AHY Bicara Wacana Koalisi Demokrat, NasDem, dan PKS untuk Pilpres 2024

JAKARTA- WARTA BOGOR- Ketua Umum Partai Demokrat Agus Harimurti Yudhoyono (AHY) buka suara soal rencana koalisi partainya menuju Pilpres 2024.

Adapun Demokrat rencananya bakal berkoalisi dengan NasDem dan Partai Keadilan Sejahtera (PKS).

AHY mengatakan Demokrat bersama calon mitra koalisinya, yakni PKS dan NasDem intens melakukan komunikasi.

“Tentunya komunikasi Partai Demokrat, NasDem, dan juga PKS semakin intensif seringkali tidak tampak di media. Tentunya karena bagi kami yang penting bukan harus selalu di gembar gemborkan,” kata AHY usai acara pelantikan DPC dan DPAC Demokrat se-Jakarta di GOR Ciracas, Jakarta Timur, Selasa (11/10/2022).

Sementara, Partai NasDem Hermawi Taslim mengatakan saat ini kesepakatan rencana koalisi partainya bersama Demokrat dan PKS sudah melebihi angka 90 persen.

“Kalau hari ini tinggal teknis saja. Sudah di atas 90 persen (peluang koalisi NasDem, PKS, dan Demokrat),” ungkapnya, Senin (10/10/2022).

Hal senada diungkapkan Wasekjen DPP PKS Fathul Bari.

Menurutnya PKS terus menjalin komunikasi intensif dengan Partai NasDem dan Demokrat, setelah Anies Baswedan dan Agus Harimurti Yudhoyono (AHY) melakukan pertemuan.

Pertemuan tersebut terjadi beberapa hari setelah Anies didukung NasDem menjadi calon presiden (capres) 2024.

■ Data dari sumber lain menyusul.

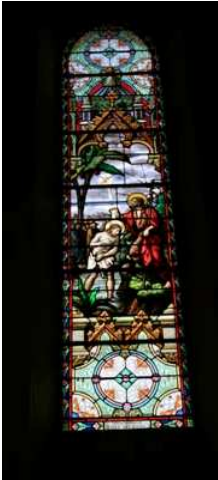
Baptême du Christ

Dans le chœur (auteur L.Koch, début XX e siècle), de gauche à droite :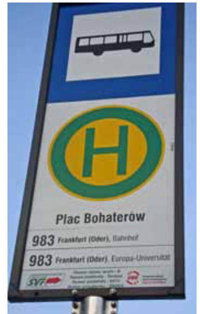
Haltestellenschild an der Endstelle in Slubice.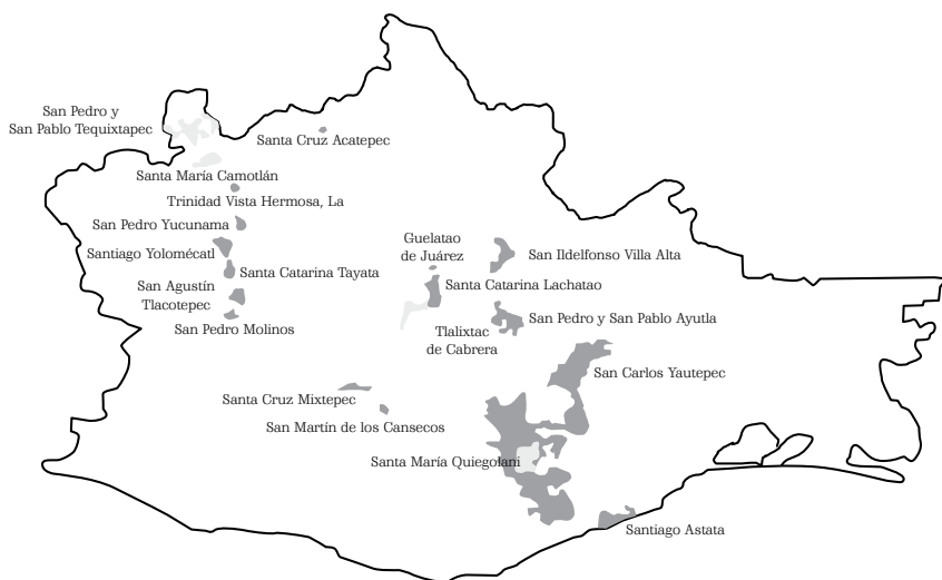
Figura 2 Municipios gobernados por mujeres, 1996-2010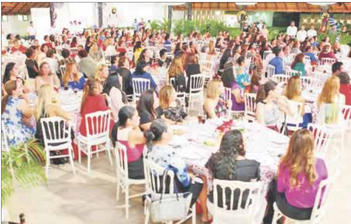
Voluntarios del DIF convivieron en una cena con la presidenta estatal de la institución.

Chetumal.- “Con nuestras acciones reafirmamos el compromiso de trabajar por un Quintana Roo más incluyente y asistencial, para que la población tenga más y mejores oportunidades” afirmó la presidenta del Sistema Estatal DIF Quintana Roo, Gaby Rejón, en una cena preparada para agradecer y reconocer la labor de las y los voluntarios que trabajan de la mano con la institución en beneficio de los sectores vulnerables.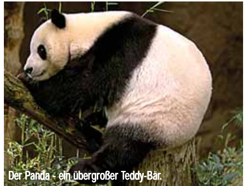
Der Panda - ein übergroßer Teddy-Bär.

Der Kiwi ist ein flugunfähiger Vogel, der aussieht wie eine... Kiwi. Er hat einen braunen runden Wuschelkörper, einen langen dünnen Schnabel und überproportional starke Beine. Wenn Kiwis Eier legen, zeigt sich der Kiwi-Vater als sehr aktiv; er baut das Nest und brütet die Eier aus. Er lebt in Neuseeland. Neuseeland ist eine Insel, und der Kiwi war dort perfekt an die Umgebung angepasst. Aufgrund seiner Flugunfähigkeit konnte er leider weder den Hunden noch den Ratten entweichen, welche die Europäer in Neuseeland eingeschleppt haben. Mittlerweile ist er als gefährdet eingestuft.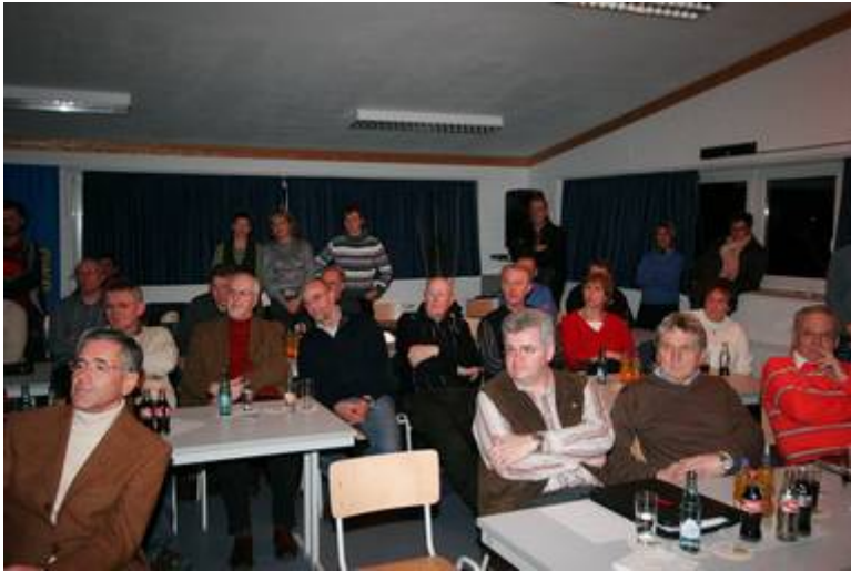
Gespannt lauschen alle den Ausführungen der Radsportler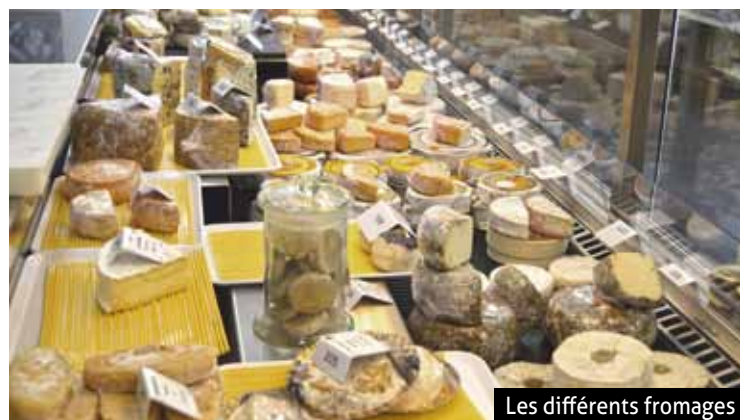
Les différents fromages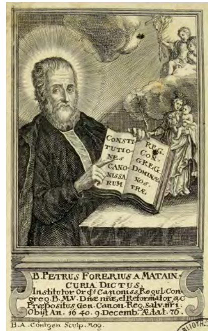
Document 5. B. A. Contgen (Mayence), Beatus Petrus Forerius a Mataincuria dictus , XVIII e siècle

Les éditeurs lorrains négligèrent donc relativement l'hagiographie, préférant exploiter la figure du nouveau bienheureux en vue d'une rénovation de la Congrégation Notre-Dame. Le P. Louis-Gaspard Bernard proposa au public une relecture magistrale des origines des réformes religieuses entreprises par Pierre Fourier, dans sa Conduite de la providence dans l'établissement de la Congrégation Notre Dame (Toul, 1732). Cet ouvrage se voulait un « retour à la source » de Pierre Fourier, l'auteur ayant constaté, au sein des monastères de la Congrégation, un progressif recul des exigences édictées par le fondateur 47 . La béatification, qui venait d'être prononcée, était un prétexte pour l'auteur de réactualiser dans l'esprit des sœurs l'idéal de Pierre Fourier et les « déviances » qu'il dénonçait étaient sinon réelles, du moins un moyen rhétorique de justifier son travail d'historien. Louis-Gaspard Bernard laissait aussi entendre que la querelle des Constitutions n'était pas terminée et il consacra un long développement à prouver que Pierre Fourier était bien l'auteur de ce texte 48 , et à enjoindre les religieuses d'abandonner les usages et mitigations locales pour revenir à la règle primitive. L'approbation donnée par l'abbé de Brisacier, grand vicaire de l'évêque de Toul, insistait aussi sur la nécessité de « dissiper les nuages qui se sont formés dans l'esprit de plusieurs [religieuses] au sujet des dernières constitutions de leur vénérable Père »,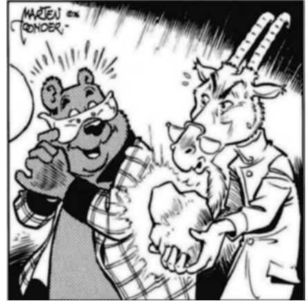
Afb. 2 Heer Bommel en de zonnige kijk, strip 8601, derde plaatje, copyright ©1975 Stichting Het Toonder Auteursrecht.

Wat kunnen we doen? In de wereld van Heer Bommel bestaan twee modellen: Professor Sickbock en professor Prlwytzkofski. In afbeelding 2 zien we Professor Sickbock. Hij had geld nodig om zijn laboratorium weer op te bouwen, nadat het vorige door zijn gepruts was verwoest. Sickbock weet Bommel te strikken om dat te financieren met de claim dat hij goud kan maken. Nadat Sickbock Bommel een roze bril op heeft gezet gelooft de laatste inderdaad dat Sickbock daarin zal slagen. Wij zouden de roze bril kunnen vertalen met 'instituten', 'sociaal kapitaal', of met een of andere dure economische formule. Zulke listen kunnen slagen, maar dat willen wij niet echt, want als de roze bril inhoudelijk niet wordt uitgewerkt val je op den duur door de mand. Daarom weet Professor Prlwytzkofski ook Professor Sickbock te ontmaskeren. In afbeelding 3 leest Prlwytzkofski net over de claim dat men goud kan maken: 'Praw, door nieuwer gouddekking meer geld vervoegbaar. Afkoeling van financieel klimaat. Wel ener kinderij. Alsof geld wichtiger is dan duchtiger wetenschappelijker arbeid!'. Zijn assistent Alexander Pieps (in het geheel niet vergelijkbaar met onze huidige promovendi!) rent juist bin-

“PKS sudah lebih intensif melakukan komunikasi politik, antara lain dengan Nasdem dan Demokrat,” kata Fathul Bari, Senin (10/10/2022).

Fathul mengungkapkan, berdasarkan Musyawarah Majelis Syura (MMS) VII PKS bulan Agustus lalu, menghasilkan beberapa keputusan.

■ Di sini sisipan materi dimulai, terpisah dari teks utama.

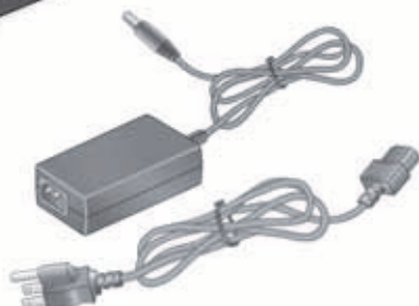
電源アダプターと電源コード (モデルにより異なります。)

重要： ReadyNAS に電源アダプターを接続する前に、該当するハードウェアマニュアルの「安全上の注意」の項目をご覧ください。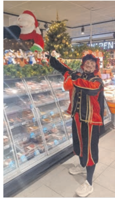
Kerstman in Albert Heijn.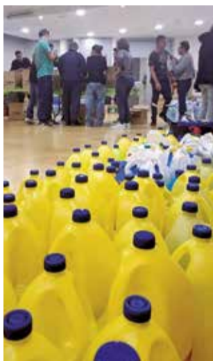
Voluntaris. / EPDA

L'organització d'esta iniciativa solidària, fou gestionada per l'Ajuntament de Benissanó que comptà amb la inestimable col·laboració de l'empresa Grupo Sanz encarregada d'emmagatzemar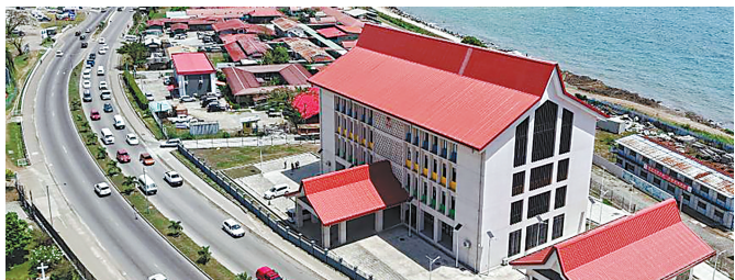
所罗门群岛国家转诊医院综合医疗中心项目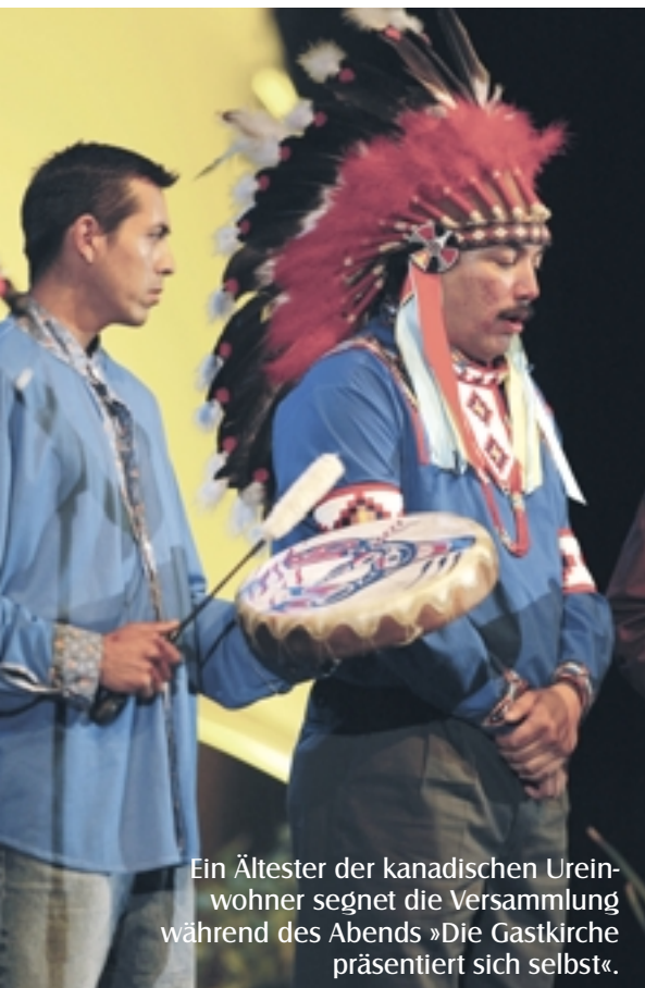
Ein Ältester der kanadischen Ureinwohner segnet die Versammlung während des Abends »Die Gastkirche präsentiert sich selbst«.

meinem »Dorf« ging es um die »Mission der Kirche in multi-religiösen Kontexten«. Wir begannen die Gesprächsrunden, die innerhalb der Dörfer in Kleingruppen von etwa zehn Personen geführt wurden, mit der Betrachtung eines bibli-

Keputusan itu diantaranya untuk memperkuat komunikasi politik dengan berbagai partai politik yang ada dan berpotensi untuk membangun koalisi guna memenuhi syarat Presidential Threshold 20 persen.

“Serta untuk mengusung Bakal Calon Presiden dan Wakil Presiden yang memiliki karakter Nasionalis-Religius, berpeluang besar untuk menang di Pemilihan Presiden 2024, dan tokoh yang menjadi simbol perubahan untuk Indonesia yang lebih baik,” ucapnya.

Terkait bakal Cawapres, Fathul mengatakan hal itu menjadi pembahasan bersama setelah kesepakatan rencana koalisi sudah tercapai dan dibentuk serta ada fiksasi bakal Capres yang diusun.